Summary. The manuscript presents TeachObs, a benchmark for multimodal teaching observation consisting of 30 public lesson videos from eight countries, segmented into 5,158 fixed 15-second scenes. Seven researchers annotated each scene with 39 binary codes (20 visual such as gesture and board work, 19 nonvisual such as instruction and questioning). Gold segment labels are created using reliability- and prevalence-aware rules based on Krippendorff's alpha. Three expert raters provide lesson-level ratings on five aspects of instructional quality. Five vision-capable frontier LLMs are evaluated on three tracks: text-only segment coding, text+frame segment coding, and lesson-level LLM-as-judge scoring. The results indicate that no model consistently outperforms the others across tracks, that including a mid-frame increases both true and false positive attributions, and that models over-rate procedurally clear lessons compared to expert raters.

Significance. If the gold labels are shown to be reliable and unbiased, this work would provide a valuable resource for evaluating AI systems on classroom video analysis, bridging a gap in benchmarks that organize pedagogical and visual signals. The dual reference layers (segment and lesson) allow for both fine-grained and holistic assessment, and the findings highlight specific limitations of current models in handling multimodal inputs and aligning with expert judgment across diverse educational contexts.

major comments (2)
  1. [Gold label construction] The abstract states that gold segment labels are constructed using 'reliability- and prevalence-aware rules based on Krippendorff's alpha' from seven annotators' binary judgments on 39 codes, but no alpha values, no explicit description of the aggregation rules, no prevalence adjustment formulas, and no quantitative inter-annotator agreement statistics or error analysis are provided. This directly undermines verification of the central claims about model performance across the three tracks, as the skeptic notes that prevalence or annotator biases could distort the gold labels.
  2. [Lesson-level expert ratings] The claim that 'model evaluations over-rate procedurally clear lessons relative to expert raters' depends on the lesson-level ratings produced by three expert raters; however, the abstract only alludes to 'rater coverage detailed in the body' without reporting inter-rater reliability, agreement metrics, or how the five rating dimensions (instructional design, delivery, learner response, materials, closure) were aggregated.
minor comments (1)
  1. [Data and code availability] The manuscript should explicitly state data availability for the annotated scenes, gold labels, expert ratings, and any code used for label aggregation or model prompting to enable independent verification.

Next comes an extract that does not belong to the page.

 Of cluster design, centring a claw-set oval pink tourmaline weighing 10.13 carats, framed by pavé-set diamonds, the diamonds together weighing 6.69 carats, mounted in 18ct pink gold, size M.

Simulated Author's Rebuttal

2 responses · 0 unresolved

We thank the referee for the thorough review and constructive feedback on the transparency of our annotation and rating procedures. We will revise the manuscript to provide the requested details and statistics.

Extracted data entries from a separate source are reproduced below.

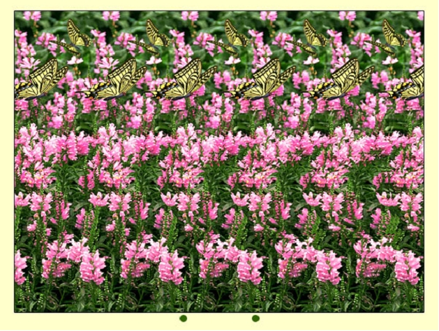 そして、目を寄せて二つの絵をぼかし、点が2点から3点になるように、真ん中にぼやけた絵を重ねて3枚になるように調整します。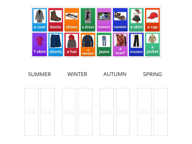 SUMMER: sandals, shorts, T-shirt, a cap, WINTER: boots, a scarf, a hat, a coat, AUTUMN: a Jacket, jeans, a sweater, shoes, SPRING: a dress, trousers, trainers, a skirt,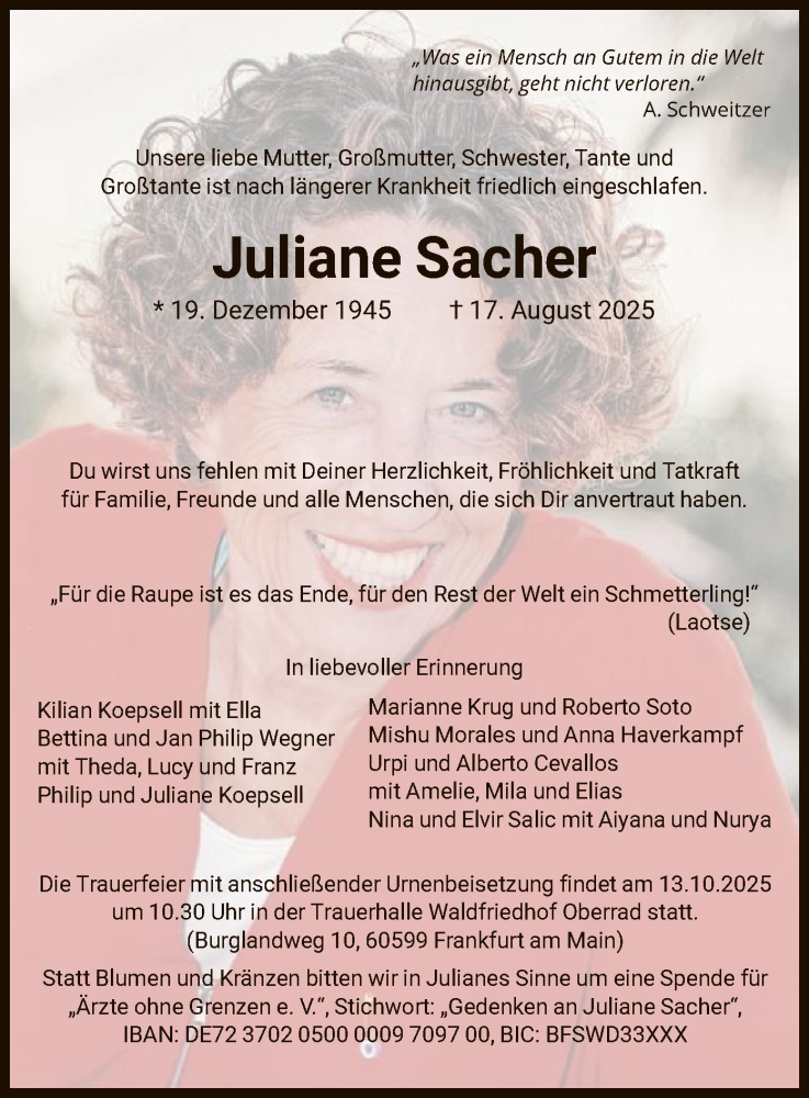 Hier finden Sie alle Traueranzeigen aus der Zeitung, die bisher für Juliane Sacher erschienen sind. Weitere Traueranzeigen, die in der Zeitung erscheinen, werden hier ebenfalls aufgelistet

read point-by-point responses
  1. Referee: [Gold label construction] The abstract states that gold segment labels are constructed using 'reliability- and prevalence-aware rules based on Krippendorff's alpha' from seven annotators' binary judgments on 39 codes, but no alpha values, no explicit description of the aggregation rules, no prevalence adjustment formulas, and no quantitative inter-annotator agreement statistics or error analysis are provided. This directly undermines verification of the central claims about model performance across the three tracks, as the skeptic notes that prevalence or annotator biases could distort the gold labels.

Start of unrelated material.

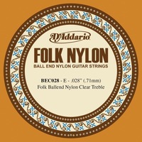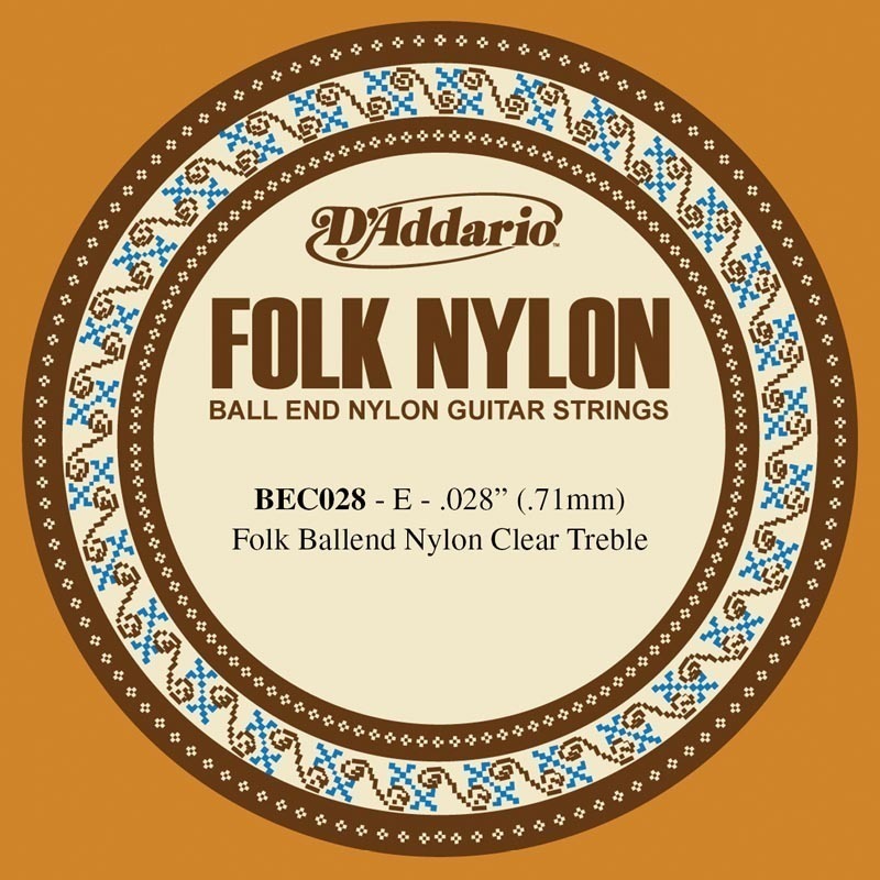 D'Addario BEC028 Folk Nylon Guitar Single String, Clear Nylon, Ball End, .028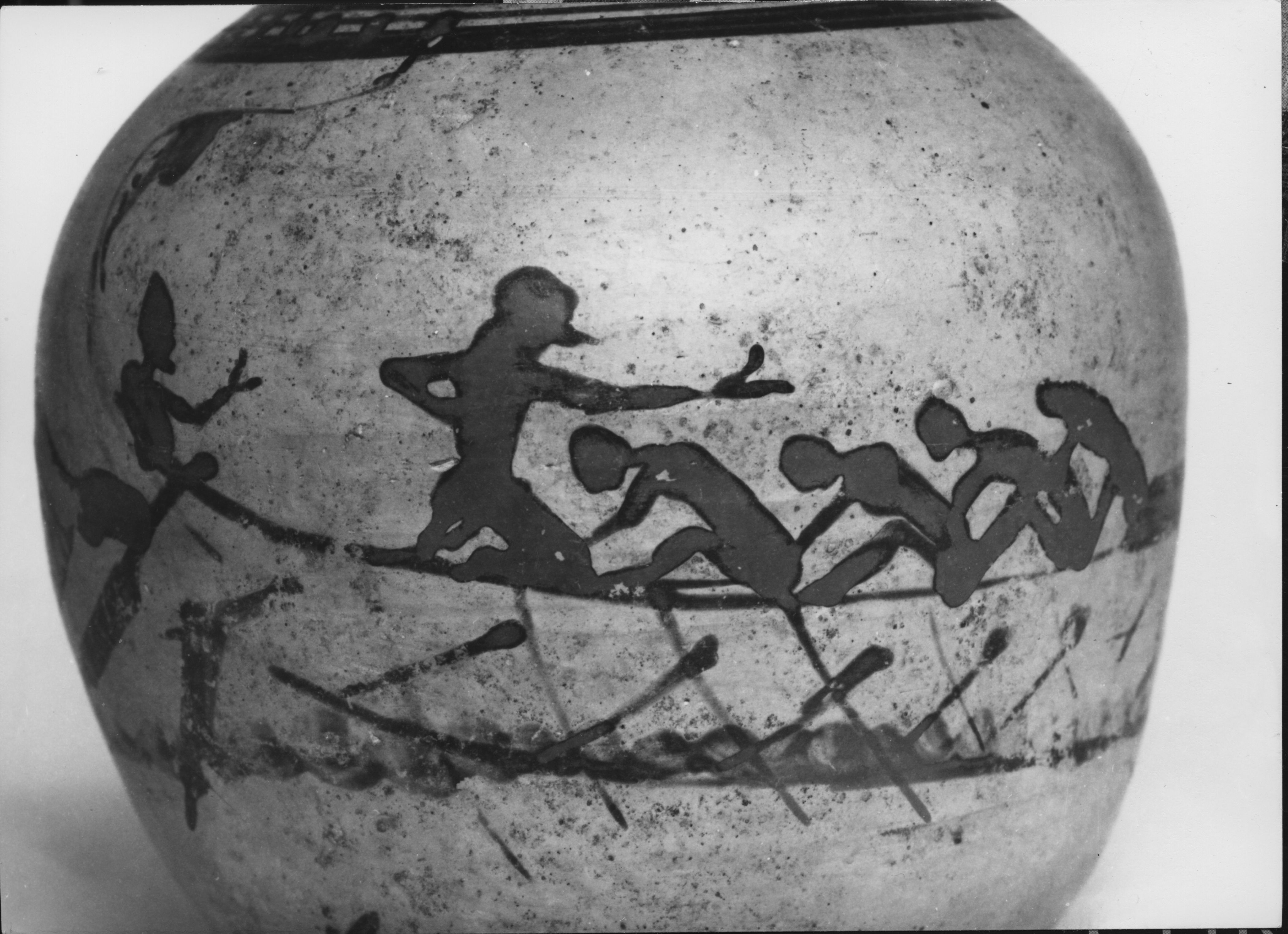 Κορινθιακός αρύβαλλος που απεικονίζει πλοίο με κωπηλάτες και δικέφαλη σειρήνα.

    Authors: We agree that explicit reporting of these metrics is necessary for verification. In the revised manuscript, we will add a dedicated methods subsection with Krippendorff's alpha values computed per code across the seven annotators, the precise reliability- and prevalence-aware aggregation rules (including any formulas or thresholds applied), full inter-annotator agreement statistics, and an error analysis addressing potential biases. This will directly support evaluation of the segment-level tracks. revision: yes

  2. Referee: [Lesson-level expert ratings] The claim that 'model evaluations over-rate procedurally clear lessons relative to expert raters' depends on the lesson-level ratings produced by three expert raters; however, the abstract only alludes to 'rater coverage detailed in the body' without reporting inter-rater reliability, agreement metrics, or how the five rating dimensions (instructional design, delivery, learner response, materials, closure) were aggregated.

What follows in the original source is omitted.